_Work to be completed_: Repeat verbatim each line from the line with "Colar fita laminada" to the end of the entries. Pictures do not belong in the copy.

*** Input material ***

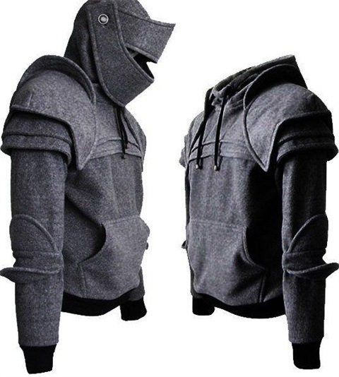 할로윈 스웨터 남성 기사 후드 풀오버 팔꿈치 가드 졸라매는 끈 마스크 캥거루 가방 단색 재킷 스웨터 코트 cos
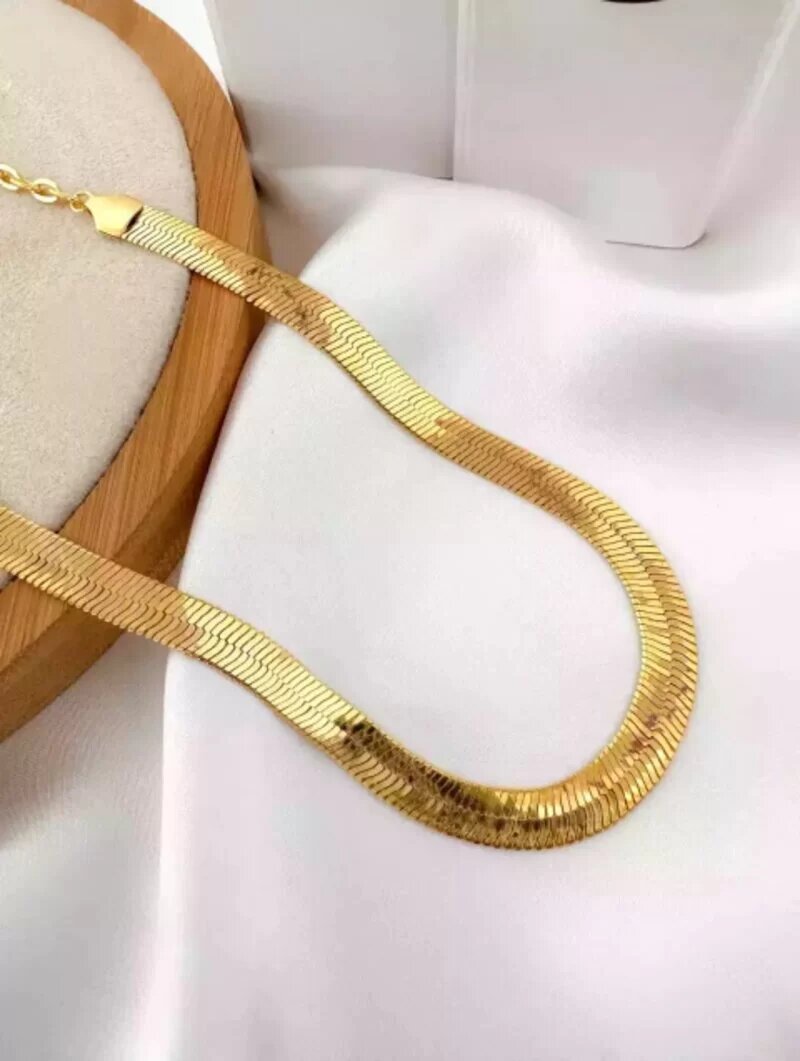 Colar fita laminada 8mm folheado a ouro 18k e prata 925.
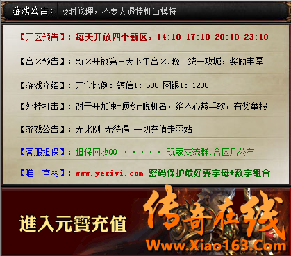 传奇在线 www.xiao163.com 版权所有 2008-2020 保留所有权利 打击盗版支持正版游戏 任何组织或个人未经同意 不得使用和传播盗版游戏 本站内容均自动采集互联网
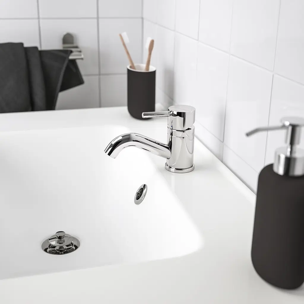 PILKÅN Bath faucet - chrome plated. 10-year Limited Warranty. Read about the terms in the Limited Warranty brochure. Hot water is released by turning the lever to the left. It is only then that hot water is consumed. Chrome-plated brass is a hard and durable surface that is easy to clean.
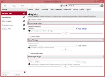 novaPDF Pro har många funktioner som gör att du kan: ändra pappersstorlek (eller skapa nya anpassade sidstorlekar för utskrift i stort format), ändra upplösningen (från 72 till 2400 dpi), ändra sidriktning (stående, liggande), bädda in teckensnitt, komprimera text och bilder, skicka den genererade PDF-filen via e-post och mycket mer. Användargränssnittet är översatt till flera språk.

*** End of Input material ***

_Your solution_:
 Colar fita laminada 8mm folheado a ouro 18k e prata 925.
 传奇在线 www.xiao163.com 版权所有 2008-2020 保留所有权利 打击盗版支持正版游戏 任何组织或个人未经同意 不得使用和传播盗版游戏 本站内容均自动采集互联网
 PILKÅN Bath faucet - chrome plated. 10-year Limited Warranty. Read about the terms in the Limited Warranty brochure. Hot water is released by turning the lever to the left. It is only then that hot water is consumed. Chrome-plated brass is a hard and durable surface that is easy to clean.
 novaPDF Pro har många funktioner som gör att du kan: ändra pappersstorlek (eller skapa nya anpassade sidstorlekar för utskrift i stort format), ändra upplösningen (från 72 till 2400 dpi), ändra sidriktning (stående, liggande), bädda in teckensnitt, komprimera text och bilder, skicka den genererade PDF-filen via e-post och mycket mer. Användargränssnittet är översatt till flera språk.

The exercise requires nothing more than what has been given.